Excerpts from a dataset
"""

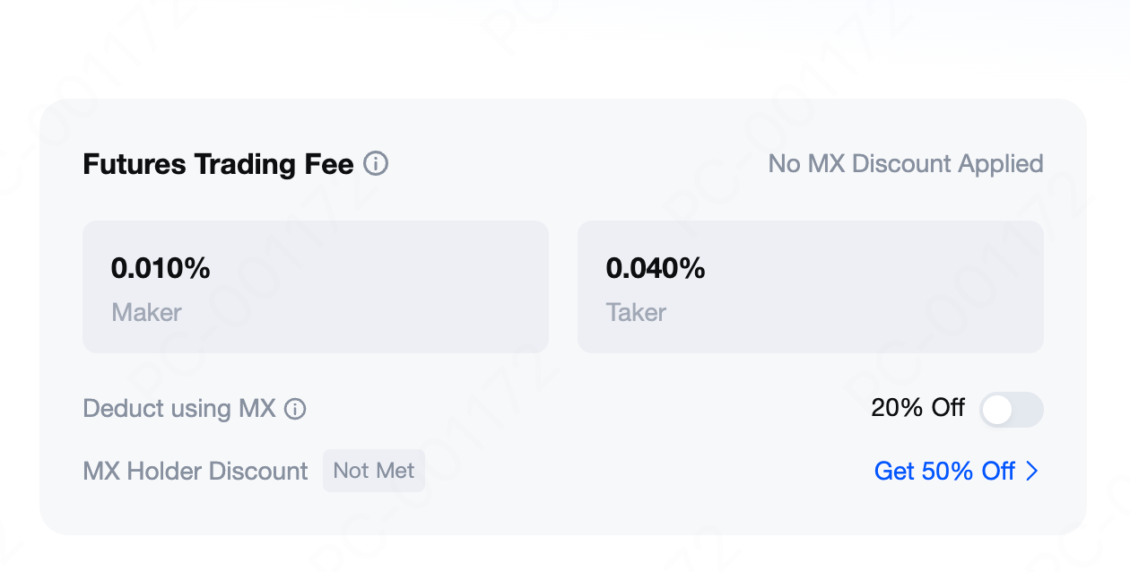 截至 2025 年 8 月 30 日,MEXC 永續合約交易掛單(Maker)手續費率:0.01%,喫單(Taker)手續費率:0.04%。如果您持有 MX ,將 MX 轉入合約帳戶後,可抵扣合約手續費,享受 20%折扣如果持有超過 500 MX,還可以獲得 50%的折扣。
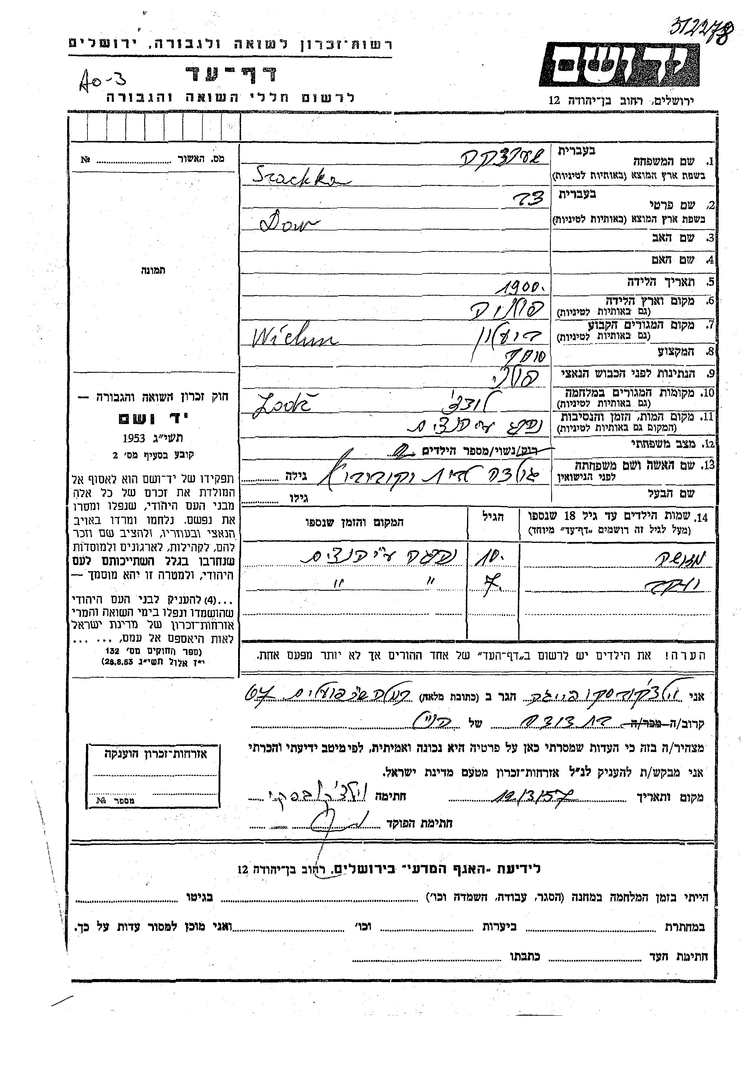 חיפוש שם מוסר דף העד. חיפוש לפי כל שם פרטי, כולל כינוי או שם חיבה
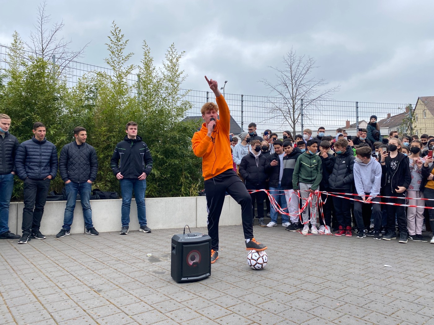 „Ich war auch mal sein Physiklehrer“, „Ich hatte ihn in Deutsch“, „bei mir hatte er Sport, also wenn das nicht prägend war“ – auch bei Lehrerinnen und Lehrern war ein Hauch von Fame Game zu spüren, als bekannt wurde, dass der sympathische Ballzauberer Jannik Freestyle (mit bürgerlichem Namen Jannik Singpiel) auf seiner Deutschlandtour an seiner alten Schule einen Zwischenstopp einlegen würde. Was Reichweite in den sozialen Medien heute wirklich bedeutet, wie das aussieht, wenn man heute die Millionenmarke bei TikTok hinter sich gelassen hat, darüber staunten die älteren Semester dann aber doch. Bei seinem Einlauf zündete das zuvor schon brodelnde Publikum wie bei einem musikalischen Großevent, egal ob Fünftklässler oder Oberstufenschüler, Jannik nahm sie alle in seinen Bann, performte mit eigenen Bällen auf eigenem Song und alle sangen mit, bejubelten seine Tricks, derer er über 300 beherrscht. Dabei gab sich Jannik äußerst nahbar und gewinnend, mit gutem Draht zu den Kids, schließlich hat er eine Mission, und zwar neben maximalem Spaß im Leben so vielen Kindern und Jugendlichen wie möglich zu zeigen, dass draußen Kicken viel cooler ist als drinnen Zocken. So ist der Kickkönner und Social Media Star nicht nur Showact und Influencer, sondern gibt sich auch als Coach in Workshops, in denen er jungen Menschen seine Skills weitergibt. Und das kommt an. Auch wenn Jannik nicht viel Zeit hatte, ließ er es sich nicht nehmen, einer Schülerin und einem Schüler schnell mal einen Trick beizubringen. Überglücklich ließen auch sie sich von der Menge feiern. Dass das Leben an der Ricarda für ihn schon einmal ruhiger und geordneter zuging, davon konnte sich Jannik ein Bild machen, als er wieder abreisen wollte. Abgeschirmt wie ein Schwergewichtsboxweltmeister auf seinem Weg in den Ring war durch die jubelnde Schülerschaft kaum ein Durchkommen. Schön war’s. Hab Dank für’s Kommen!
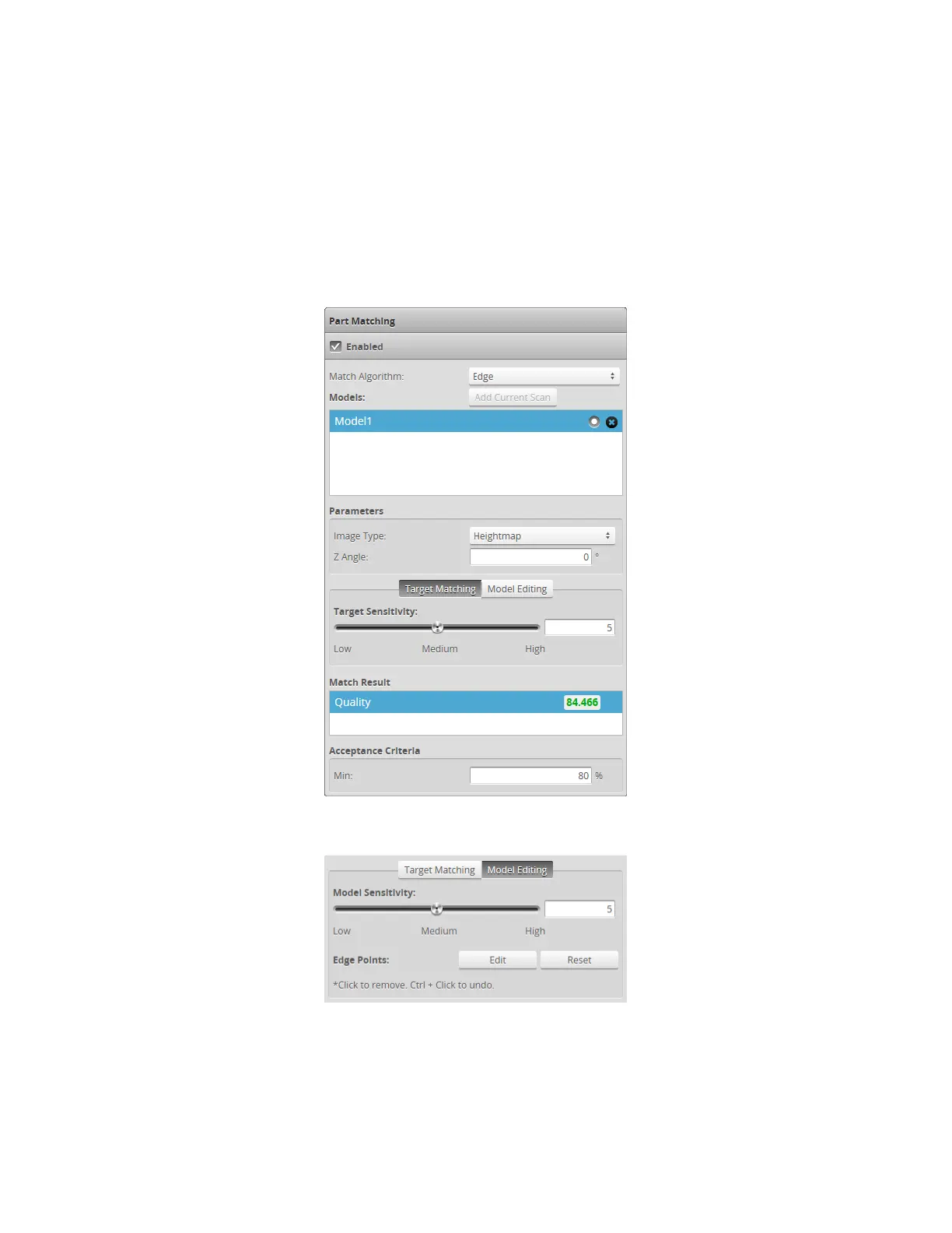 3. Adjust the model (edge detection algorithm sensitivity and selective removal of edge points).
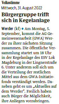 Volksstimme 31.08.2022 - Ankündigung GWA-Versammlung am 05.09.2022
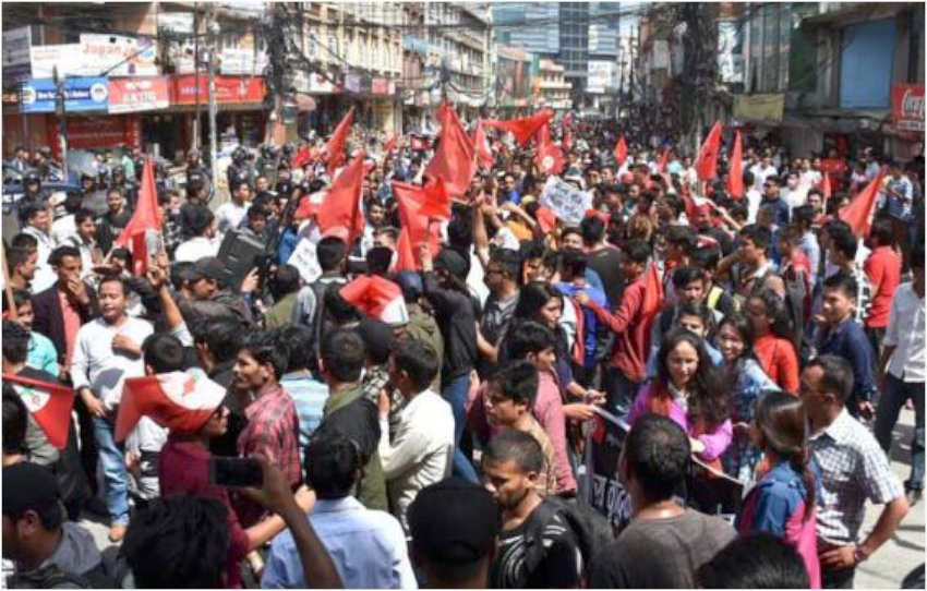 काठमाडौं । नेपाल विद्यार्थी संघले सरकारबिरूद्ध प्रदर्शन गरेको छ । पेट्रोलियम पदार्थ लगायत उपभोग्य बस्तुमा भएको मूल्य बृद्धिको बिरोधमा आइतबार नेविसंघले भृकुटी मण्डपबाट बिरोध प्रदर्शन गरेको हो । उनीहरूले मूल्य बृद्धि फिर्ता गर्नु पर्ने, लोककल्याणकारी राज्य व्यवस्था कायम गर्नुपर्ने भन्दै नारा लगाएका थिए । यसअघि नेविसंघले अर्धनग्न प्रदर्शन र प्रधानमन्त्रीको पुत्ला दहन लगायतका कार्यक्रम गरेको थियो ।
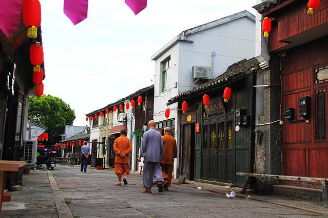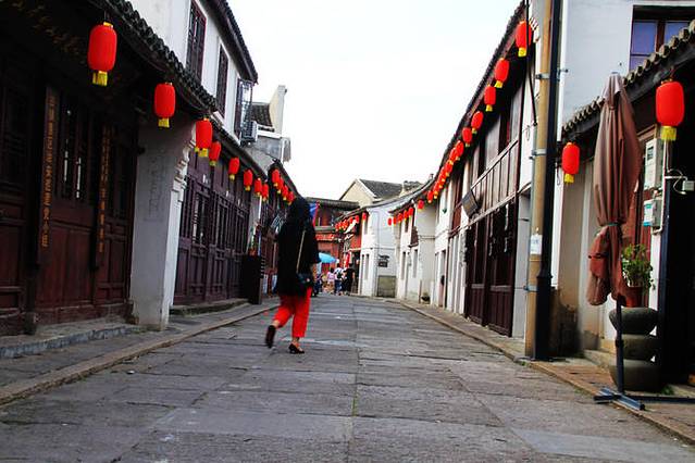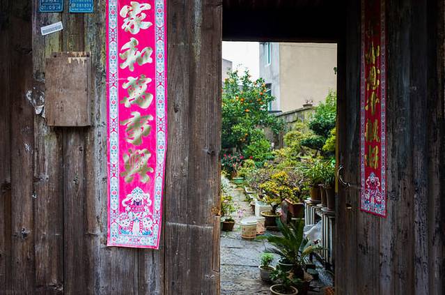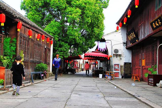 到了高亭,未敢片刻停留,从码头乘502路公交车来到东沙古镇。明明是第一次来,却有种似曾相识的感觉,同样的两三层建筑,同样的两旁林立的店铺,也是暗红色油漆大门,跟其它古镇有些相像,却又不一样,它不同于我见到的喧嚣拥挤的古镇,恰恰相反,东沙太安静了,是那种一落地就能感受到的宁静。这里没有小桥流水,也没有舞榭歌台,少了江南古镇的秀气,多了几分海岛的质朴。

"""

(What is expected): In the answer, include exactly the lines from the top of the entries through the line containing "Volksstimme 31.08.2022 - Ankündigung", and nothing else, not even the pictures.

(Solution for this problem):
 截至 2025 年 8 月 30 日,MEXC 永續合約交易掛單(Maker)手續費率:0.01%,喫單(Taker)手續費率:0.04%。如果您持有 MX ,將 MX 轉入合約帳戶後,可抵扣合約手續費,享受 20%折扣如果持有超過 500 MX,還可以獲得 50%的折扣。
 חיפוש שם מוסר דף העד. חיפוש לפי כל שם פרטי, כולל כינוי או שם חיבה
 „Ich war auch mal sein Physiklehrer“, „Ich hatte ihn in Deutsch“, „bei mir hatte er Sport, also wenn das nicht prägend war“ – auch bei Lehrerinnen und Lehrern war ein Hauch von Fame Game zu spüren, als bekannt wurde, dass der sympathische Ballzauberer Jannik Freestyle (mit bürgerlichem Namen Jannik Singpiel) auf seiner Deutschlandtour an seiner alten Schule einen Zwischenstopp einlegen würde. Was Reichweite in den sozialen Medien heute wirklich bedeutet, wie das aussieht, wenn man heute die Millionenmarke bei TikTok hinter sich gelassen hat, darüber staunten die älteren Semester dann aber doch. Bei seinem Einlauf zündete das zuvor schon brodelnde Publikum wie bei einem musikalischen Großevent, egal ob Fünftklässler oder Oberstufenschüler, Jannik nahm sie alle in seinen Bann, performte mit eigenen Bällen auf eigenem Song und alle sangen mit, bejubelten seine Tricks, derer er über 300 beherrscht. Dabei gab sich Jannik äußerst nahbar und gewinnend, mit gutem Draht zu den Kids, schließlich hat er eine Mission, und zwar neben maximalem Spaß im Leben so vielen Kindern und Jugendlichen wie möglich zu zeigen, dass draußen Kicken viel cooler ist als drinnen Zocken. So ist der Kickkönner und Social Media Star nicht nur Showact und Influencer, sondern gibt sich auch als Coach in Workshops, in denen er jungen Menschen seine Skills weitergibt. Und das kommt an. Auch wenn Jannik nicht viel Zeit hatte, ließ er es sich nicht nehmen, einer Schülerin und einem Schüler schnell mal einen Trick beizubringen. Überglücklich ließen auch sie sich von der Menge feiern. Dass das Leben an der Ricarda für ihn schon einmal ruhiger und geordneter zuging, davon konnte sich Jannik ein Bild machen, als er wieder abreisen wollte. Abgeschirmt wie ein Schwergewichtsboxweltmeister auf seinem Weg in den Ring war durch die jubelnde Schülerschaft kaum ein Durchkommen. Schön war’s. Hab Dank für’s Kommen!
 3. Adjust the model (edge detection algorithm sensitivity and selective removal of edge points).
 Volksstimme 31.08.2022 - Ankündigung GWA-Versammlung am 05.09.2022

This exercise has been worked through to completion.